Start of Block

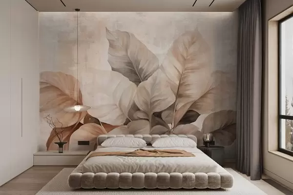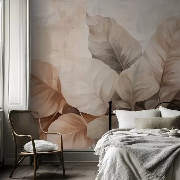 Fototapetak Texturált festmény, amely nagy, világosbarna leveleket ábrázol semleges háttér előtt, finom ecsetvonásokkal. Nr. w09614
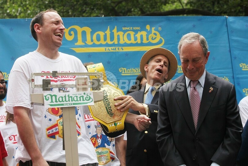 写真は、ニューヨークのマイケル・ブルームバーグ(Michael Bloomberg)市長が見守る中、体重を計測されるチェスナットさん(2013年7月4日撮影)。(c)AFP/Getty Images/Mario Tama
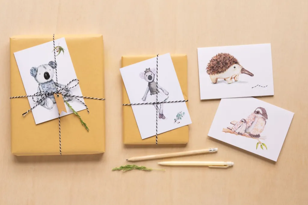 Designed by a local Victorian artist & made in Australia, our captivating cards are a thoughtful accompaniment to the perfect children’s toy (or a handy addition to the present box at home). These versatile hand-illustrated cards are drawn from beloved characters in our collection, allowing you to mix or match with a Nana Huchy soft toy, doll, baby rattle, or Hoochy Coochie puppet comforter.
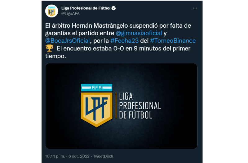 El fútbol argentino volvió a protagonizar un hecho desafortunado y este ha sido uno de los más grandes de la historia en los últimos años. Boca y Gimnasia debían jugar por la fecha N°23 de la Liga Profesional durante la noche de este día jueves, pero el partido tuvo que ser suspendido a los 9 minutos de haber comenzado.
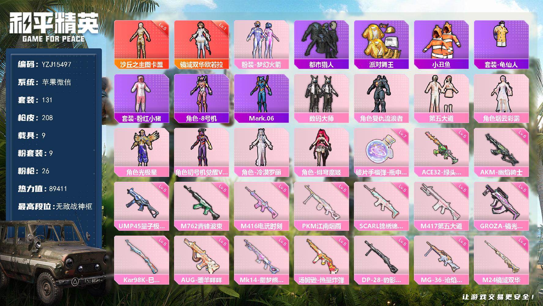 2515215_包实名-苹果V-2红装3稀有9载具9粉装27特效枪15热门【精氪神装素材AG粉丝logo优质主页面板多种不重复载具多特多载ss29赛季战神印记战神框5级神装图卡盟欧若拉火箭少女第五大道新版三色螳螂(魂环螳螂蓝螳螂粉螳螂)都市金鞋灵公主绒宝小鹅晶辉守护小丑鱼鲨鱼裤大橘为重卖崽青蛙3级M4灵猫魔法师6级AK幽焰骑士沙丘之主头盔星夜魔法师背包4款升级飞行器6种热门伙伴13款飞行器6张改名
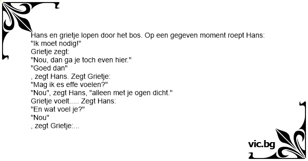 Hans en grietje lopen door het bos. Op een gegeven moment roept Hans:

End of Block

YOUR INSTRUCTIONS -
Transcribe every entry exactly, omitting pictures.

YOUR RESPONSE -
 Fototapetak Texturált festmény, amely nagy, világosbarna leveleket ábrázol semleges háttér előtt, finom ecsetvonásokkal. Nr. w09614
 写真は、ニューヨークのマイケル・ブルームバーグ(Michael Bloomberg)市長が見守る中、体重を計測されるチェスナットさん(2013年7月4日撮影)。(c)AFP/Getty Images/Mario Tama
 Designed by a local Victorian artist & made in Australia, our captivating cards are a thoughtful accompaniment to the perfect children’s toy (or a handy addition to the present box at home). These versatile hand-illustrated cards are drawn from beloved characters in our collection, allowing you to mix or match with a Nana Huchy soft toy, doll, baby rattle, or Hoochy Coochie puppet comforter.
 El fútbol argentino volvió a protagonizar un hecho desafortunado y este ha sido uno de los más grandes de la historia en los últimos años. Boca y Gimnasia debían jugar por la fecha N°23 de la Liga Profesional durante la noche de este día jueves, pero el partido tuvo que ser suspendido a los 9 minutos de haber comenzado.
 2515215_包实名-苹果V-2红装3稀有9载具9粉装27特效枪15热门【精氪神装素材AG粉丝logo优质主页面板多种不重复载具多特多载ss29赛季战神印记战神框5级神装图卡盟欧若拉火箭少女第五大道新版三色螳螂(魂环螳螂蓝螳螂粉螳螂)都市金鞋灵公主绒宝小鹅晶辉守护小丑鱼鲨鱼裤大橘为重卖崽青蛙3级M4灵猫魔法师6级AK幽焰骑士沙丘之主头盔星夜魔法师背包4款升级飞行器6种热门伙伴13款飞行器6张改名
 Hans en grietje lopen door het bos. Op een gegeven moment roept Hans:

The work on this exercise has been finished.